We thus considered a series of specific features. These functional areas, which are reflected in the spider charts for each company in Chapter 5 include:

  • Basic Authenticators
    Username/password: the most basic form, not recommended. Knowledge-based authentication (KBA): Security questions and answers that are determined at registration time. KBA is sometimes used in cases where users have forgotten their passwords, and need to have them reset, or as a step-up authentication method. KBA is not recommended, as many of the answers to common questions chosen are not secrets.
    OATH One Time Passwords (OTP): OATH standardizes the use of randomized, single use passwords based on cryptographic hashes. OTP delivery methods can be phone calls, email, or SMS (text) messages. As a more secure variation, OATH specifies time-limited OTPs, sometimes expressed as TOTP. Due to the fact that SMS OTP implementations are not truly random, and attackers have discovered ways to circumvent SMS OTP, some organizations such as US NIST have deprecated the use of SMS OTP as a primary or step-up authentication method.
  • Advanced Authenticators
    FIDO 2.0, U2F, and UAF: The FIDO Alliance has defined two standards for mobile and two-factor authentication.

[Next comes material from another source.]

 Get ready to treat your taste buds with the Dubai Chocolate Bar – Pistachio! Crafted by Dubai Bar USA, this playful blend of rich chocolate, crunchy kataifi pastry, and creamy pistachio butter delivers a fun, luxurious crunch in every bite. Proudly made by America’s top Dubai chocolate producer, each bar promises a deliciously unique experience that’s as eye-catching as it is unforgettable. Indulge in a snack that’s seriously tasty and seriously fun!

U2F applies to various hard token generators, whereas UAF works in conjunction with mobile devices, such as smartphones. The FIDO framework allows device and software manufacturers to utilize different technologies as the basis for authentication events, such as PINs, biometrics, and cryptography. FIDO 2.0 is the latest iteration and will likely surpass U2F and UAF in adoption in the years ahead.

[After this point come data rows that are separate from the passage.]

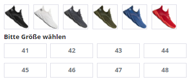 Zur Verfügung stehen noch durchgehend die Größen 41 bis 48, sowie alle verschiedenen Farben.
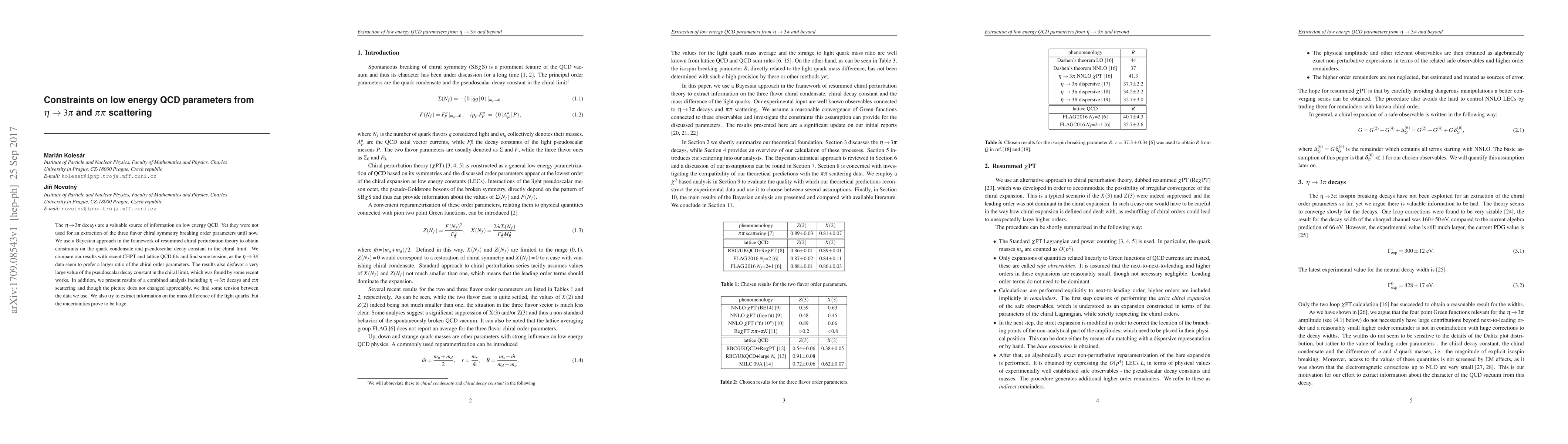 This study uses Bayesian approach in chiral perturbation theory to derive constraints on quark condensate and pseudoscalar decay constant from $eta o 3pi$ decays. Results show tension with recent CHPT and lattice QCD fits, suggesting larger chiral order parameters and disfavoring very large decay constants. A combined analysis of $eta o 3pi$ decays and $pipi$ scattering also reveals tension, while mass difference of light quarks extraction has large uncertainties.
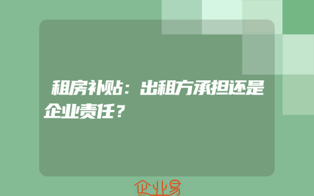 - 租房补贴:出租方承担还是企业责任?租房补贴的概念与现状随着城市化的快速发展,住房问题已成为众多居民关注的焦点。为解决员工的住宿问题,不少企业会采取租房补贴的方式。租房补贴是指政府或企业为员工租赁房屋提供的一种经济补助。在当前的市场环境下,租

    SmartCards have small processors and secure storage devices that contain digital certificates and various user attributes. SmartCards can be used to facilitate the highest levels of authentication assurance. SmartCards are used for not only authentication, both as primary and adaptive authentication methods, but also for physical access and digital signatures. Other types of hardware tokens employ similar technologies in different form factors, such as RSA SecurID and Yubikeys.
    Biometrics is the term applied to any security technology, usually employed for authentication and authorization, which functions by comparing registered measurements to run-time measurements. Examples of biometrics include fingerprint, face, voice, iris, and behavioral. Biometrics can be used as primary authenticators or as policy-invoked adaptive authentication mechanisms.
  • Mobile support
    Service providers are increasingly building their own mobile apps for authentication and authorization. Mobile apps can offer a variety of authentication methods, from simple screen swipes to including biometrics (see below). Push notifications are a different type of mobile app which can be used as a second factor in authentication or to authorize transactions out-of-band. The ratings for mobile support include whether or not a product adheres the Global Platform Secure Element (SE) and Trusted Execution Environment (TEE) for Android, and whether or not the product utilizes Secure Enclave in iOS.
  • Risk Analysis
    Factors such as IP address, device fingerprints, device health assessment geo-location, geo-velocity, integration of 3rd-party threat intelligence, user behavior profiling
  • Threat Intelligence
    Subscriptions to real-time feeds of known bad IP addresses, locations, proxies, malicious URLs, and compromised credentials
  • SSO
    Single sign-on, generally to on-premise or LOB applications, using federation standards
  • SaaS integration
    Use of federation technologies such as OAuth, OIDC, and SAML to allow authenticated users to seamlessly access popular SaaS applications.

Each of the categories above will be considered in the product evaluations below. We’ve also looked at specific USPs (Unique Selling Propositions) and innovative features of products which distinguish them from other offerings available in the market.

Please note that we only listed major features, but also considered other capabilities as well when evaluating and rating the various Cloud-based MFA products.